- Also known as: Shotgun (ช็อตกัน)
- Born: Ratchanon Ruenpech 2 November 1996 (age 29) Bangkok, Thailand
- Genres: T-pop; pop; hip-hop;
- Occupations: Singer; rapper; actor;
- Instruments: Vocals; guitar; piano;
- Years active: 2013–present
- Labels: Mono Music (2013–2020); Brothers Music (2021–present);
- Member of: Proxie, KimGun
- Formerly of: Evo Nine

= Ratchanon Ruenpech =

Thai singer, rapper, and actor (born 1996)

Ratchanon Ruenpech (รัชชานนท์ เรือนเพ็ชร์; born 2 November 1996), nicknamed Gun (กัน), is a Thai singer, rapper, and actor.
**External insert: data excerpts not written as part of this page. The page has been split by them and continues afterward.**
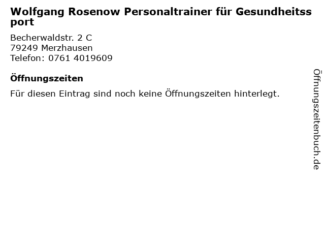 | Wolfgang Rosenow Personaltrainer für Gesundheitssport anrufen | |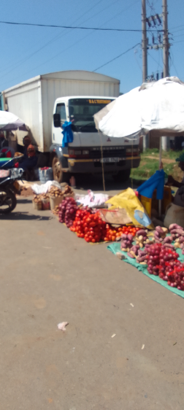 street market scene in Kakunga, Kenya, located at latitude: 0.375, longitude: 34.854. There are various vendors selling produce on the side of a paved road. A white truck with a yellow stripe is parked on the right side of the road. The vendors are selling produce such as tomatoes, potatoes, onions, and other vegetables. A few people are visible in the background, but their faces are obscured. The sun is shining brightly, and there are several power lines running overhead.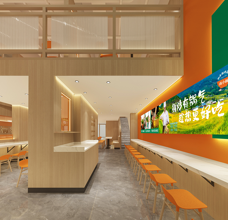 3、內(nèi)部使用大面積的橙色體現(xiàn)鮮炒有鍋氣的特點,橙色既使人產(chǎn)生一種陽光熱情的心里感受,又是現(xiàn)炒時火焰的顏色,體現(xiàn)了現(xiàn)炒的特性,識別度非常高。整面墻的木色板材,木色有自己獨特的質(zhì)感、在空間中又更有親和力,在狹窄的簡餐空間中也會讓人感受到輕松,給人一種可釋懷的愉悅,讓人隨時隨地都能感受到大自然的生機。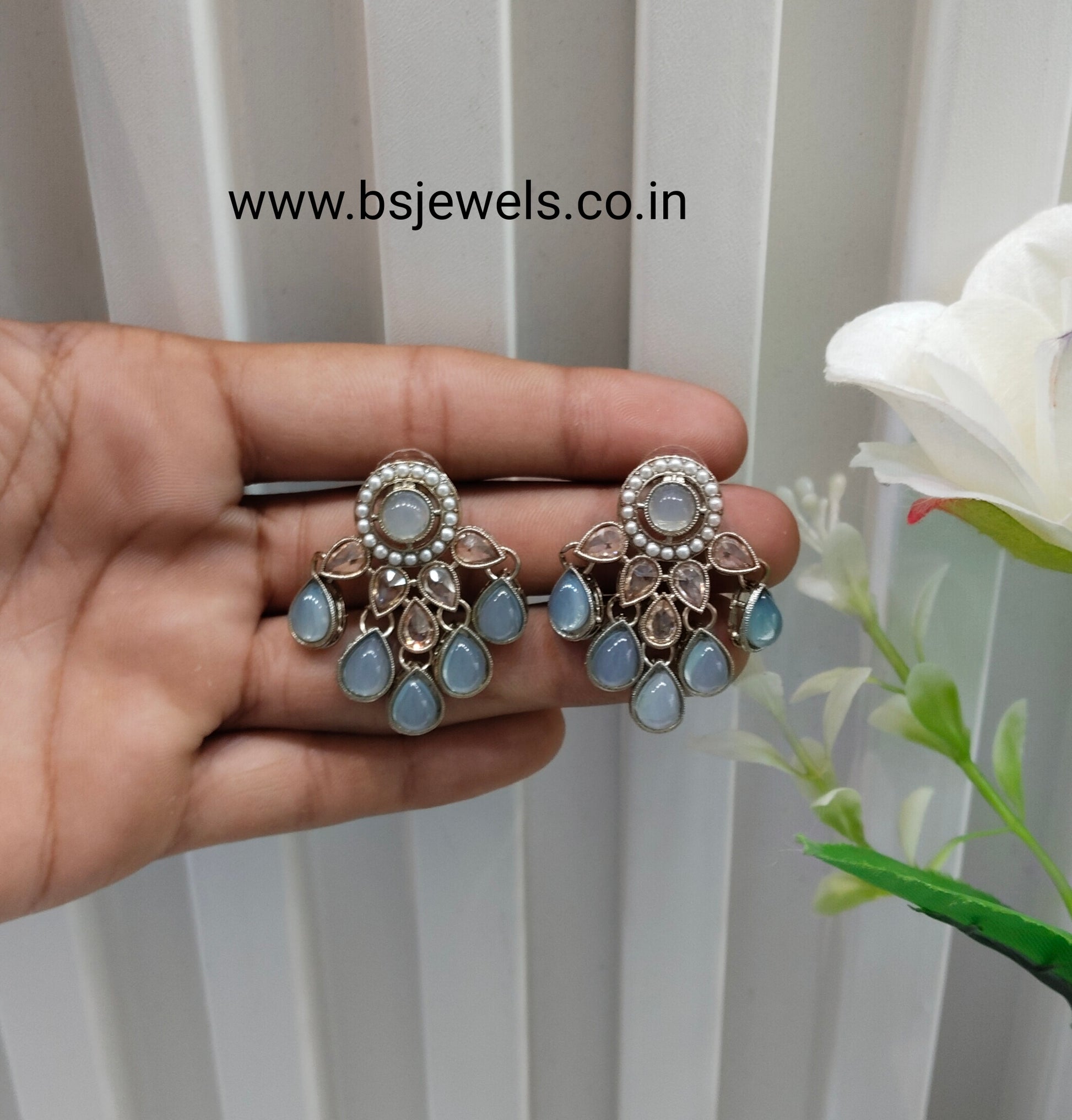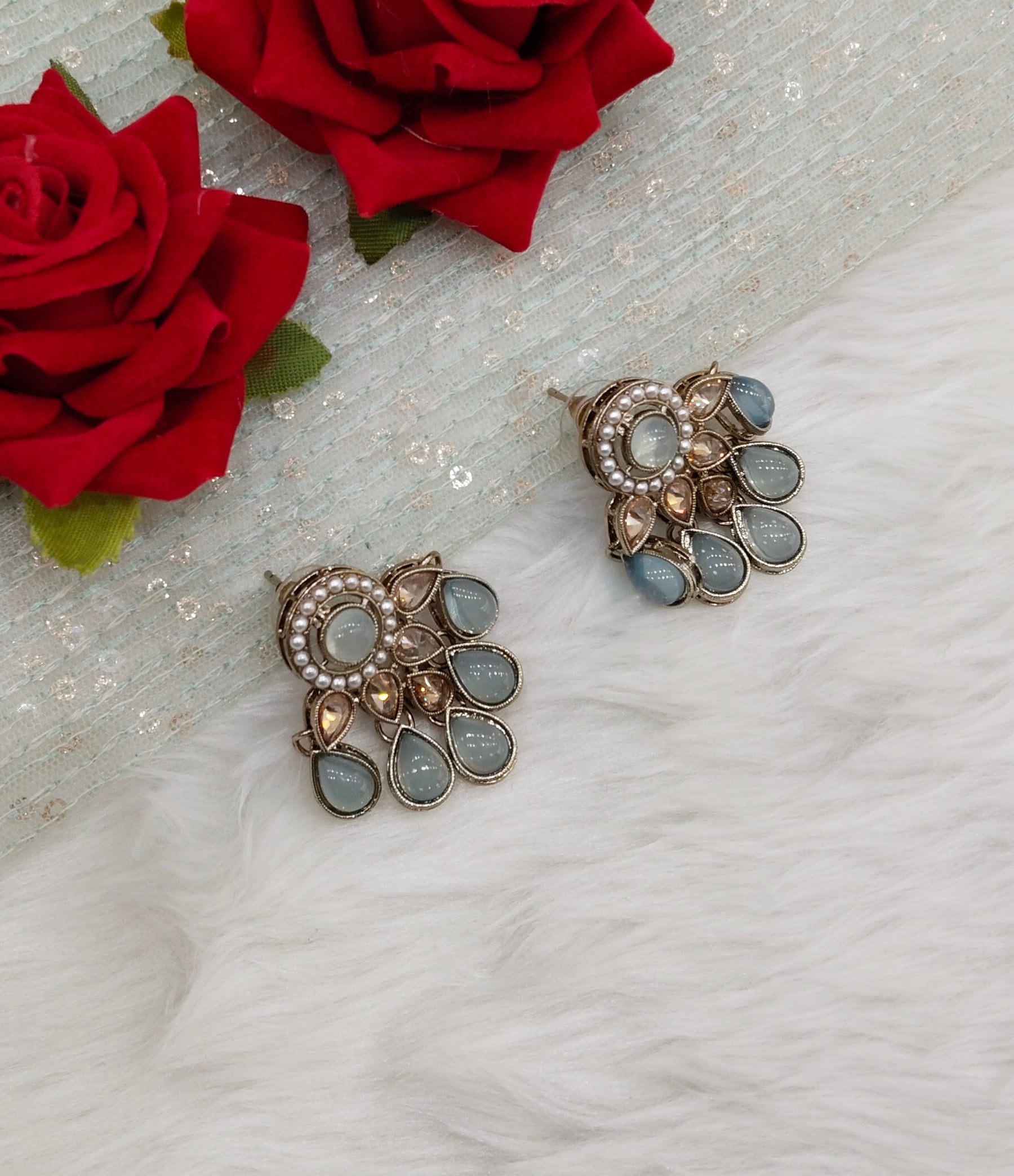 Sky Blue Antique Gold Bollywood Rachin Earrings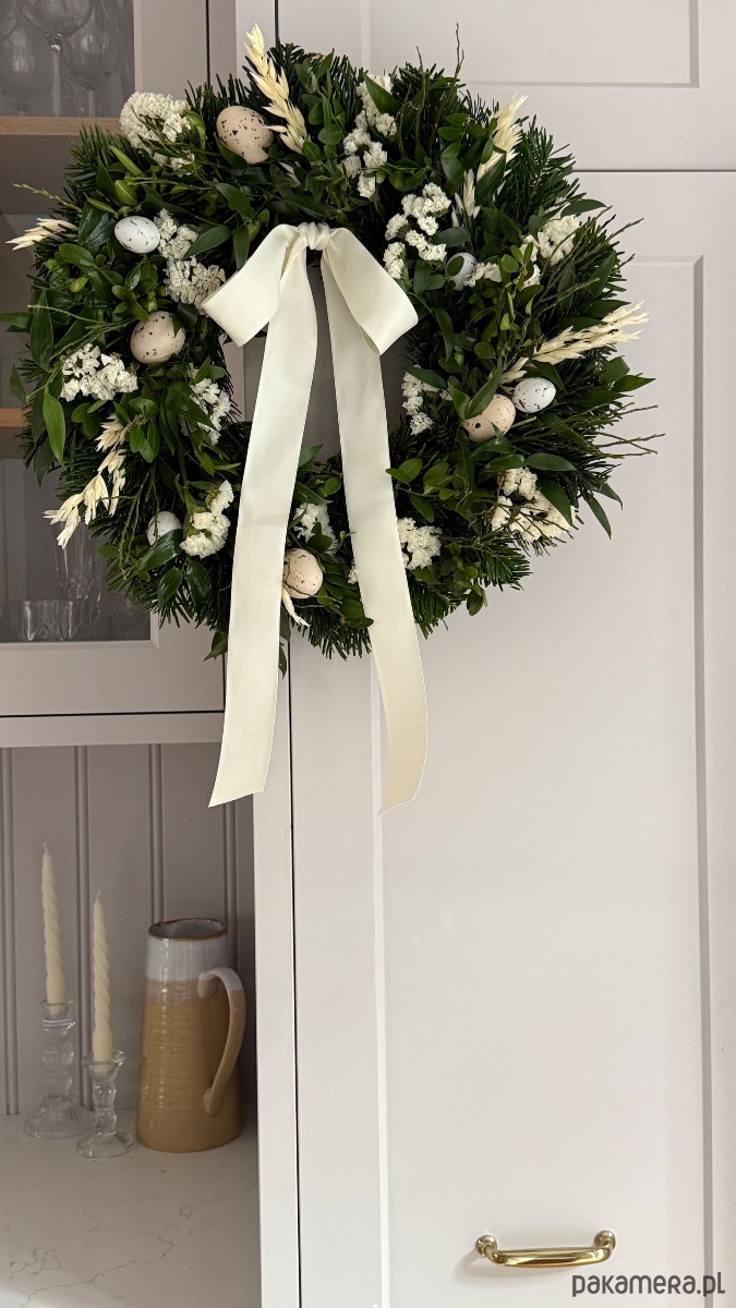 Żywe gałązki, jodła, bukszpan, sztuczne jajeczka, wstążka są idealną dekoracją na już i na święta.

He is the eldest member and leader of the boy band Proxie.

Gun debuted in 2013 as a member of Mono Music's boy band Evo Nine and went on to appear in several television dramas on Mono 29, including The Legendary Outlaw (2016), Project X (2016), and Diamond Eyes (2017–19). He launched a solo music career with the singles "สวนกัน" (Suan Gun, 2018) and "BURN" (2019), and won the Rookie Male Star award at the Maya Awards in 2016.

In 2021 he was selected as leader of the boy band Proxie, formed through the television programme The Brothers Thailand; the group debuted in 2022. He has since formed the sub-unit KimGun with fellow member Kim and continued to release solo work, including OSTs for Channel 3 dramas.

==Early life and education==
Also known by the nickname "Shotgun" (ช็อตกัน), Ratchanon grew up in Bangkok and attended Saint John's School before enrolling at the University of the Thai Chamber of Commerce, where he graduated with a B.A. in Airline Business Management. At the age of eight he won the team category of the national "Sing – Play – Dance – Show" (ร้อง เล่น เต้น โชว์) contest for the HRH Princess Sirindhorn Cup in 2005.

==Career==
===Evo Nine (2013–2014)===
After three years of daily vocal and dance training at Mono Music, Gun debuted in 2013 as a vocalist-rapper in the seven-member boy band Evo Nine. The group's debut single "Make You Dance" was followed by "Superman", "The Other" (featuring Candy Mafia) and "BATMAN", all distributed on iTunes and streaming platforms. Evo Nine disbanded around 2014.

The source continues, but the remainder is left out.